Com tabelamento, risco é rotativo do cartão sumir e voltar disfarçado
A aprovação de um tabelamento para os juros no financiamento rotativo dos cartões de crédito, nesta terça-feira (5), de carona na aprovação da medida provisória do Desenrola, é um caso típico de solução simples e equivocada para um problema complexo.
O rotativo é uma excrescência e um tipo de financiamento predatório, como define o economista Lauro Gonzalez, coordenador do FGVCemif (Centro de Microfinanças e Inclusão Financeira, da Fundação Getúlio Vargas). Não há quem, pobre ou até rico, consiga escapar da inadimplência, se recorrer a essa modalidade de empréstimo.
Em média, a taxa de juros do rotativo é de 450% ao ano, o que significa que o financiamento da fatura do cartão vai obrigar, no fim de 12 meses, um pagamento cinco vezes maior do que a dívida inicial. Uma das origens do problema está na concessão sem critério de cartões de crédito. A frouxidão na análise da capacidade de pagamento do cidadão que recebe o cartão aumenta o risco de crédito, ajuda a jogar os juros nas alturas, e, na volta do parafuso, a fazer explodir o exército de inadimplentes.
Tabelar juros limita crédito
O tabelamento dos juros vai, provavelmente, promover uma "solução" que não resolverá o problema. Como sabemos, depois de nossa longa história de tabelamentos de preços, o "produto" — no caso, o crédito rotativo — vai sumir das prateleiras dos supermercados financeiros. Passado um tempo, voltará disfarçado em outro produto, parecido com o outro, só não previsto na lista de preços tabelados.
É como, já se comentou em outra coluna sobre o tema, tirar o sofá da sala, na tentativa de evitar que filhos fiquem aos amassos com namorados. Sem o sofá, é improvável que os amassos cessem, vão apenas trocar de lugar.
O projeto de tabelamento dos juros do rotativo em até 100% do montante financiado, decidido na Câmara, na carona da aprovação do Desenrola, medida provisória que regulamenta a renegociação de dívidas, segue para o Senado. Ele prevê que, depois da tramitação no Senado, os bancos terão 90 dias para apresentar uma alternativa ao tabelamento aprovado.
Felizmente, os parlamentares resistiram ao fogo de barragem dos bancos e não embarcaram na onda de "desincentivar" os pagamentos com cartões de crédito parcelados "sem juros". A modalidade parcelado sem juros nos cartões de crédito não tem nada a ver com o rotativo, e configura uma estratégia válida de ampliar os níveis de consumo da população, via crédito.

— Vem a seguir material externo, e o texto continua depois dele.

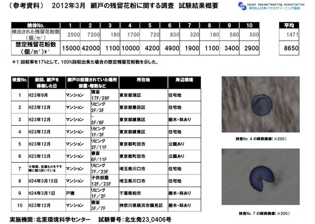 NPO法人 日本ハウスクリーニング協会(東京都新宿区)は、北里環境科学センターの協力のもと2012年の花粉飛散シーズンに網戸に花粉などの汚れがどの程度付着しているかを調べる「網戸残留花粉の実態調査」実施。このほど3月に採取した残留花粉の計測結果をまとめた。

Rotativo e parcelado "sem juros" são diferentes
O "sem juros" desse parcelado deve vir entre aspas porque há, sim, juros, na modalidade. Simplificadamente, os juros do parcelado "sem juros" correspondem à diferença entre o preço à vista e o valor cobrado quando o bem ou serviço é financiado. Um produto ou serviço que, por exemplo, vendido R$ 100 no parcelado, mas que teria desconto de 10%, se pago à vista, terá juros mensais de 3,2% ao mês, ou mais de 45% ao ano.
Parcelado "sem juros" e rotativo no cartão de crédito são modalidades diferentes de financiamento. O parcelado "sem juros" é o financiamento ao consumidor pelo vendedor — que, por sua vez, paga uma taxa ao banco emissor do cartão pelo adiantamento do que receberia numa venda a prazo. O rotativo é o financiamento do valor da fatura do cartão de crédito no vencimento.
Na fatura do cartão de crédito, estão registrados os valores mensais das parcelas financiadas sem juros. Mas daí a concluir que essa modalidade de financiamento é a causa das distorções do rotativo, como aventaram representantes de bancos e o próprio presidente do Banco Central, Roberto Campos Neto, vai uma enorme distância.
Desincentivar o parcelado "sem juros", impondo-lhe taxas ou limitando o número de parcelas, não vai acabar com a modalidade, se o resultado das bem conhecidas experiências históricas de tabelamento prevalecerem. Servirá apenas para encarecer o financiamento e, em consequência, aumentar o risco de inadimplência. Haverá sempre um jeito — e um custo — de fazer a prestação caber no orçamento do consumidor.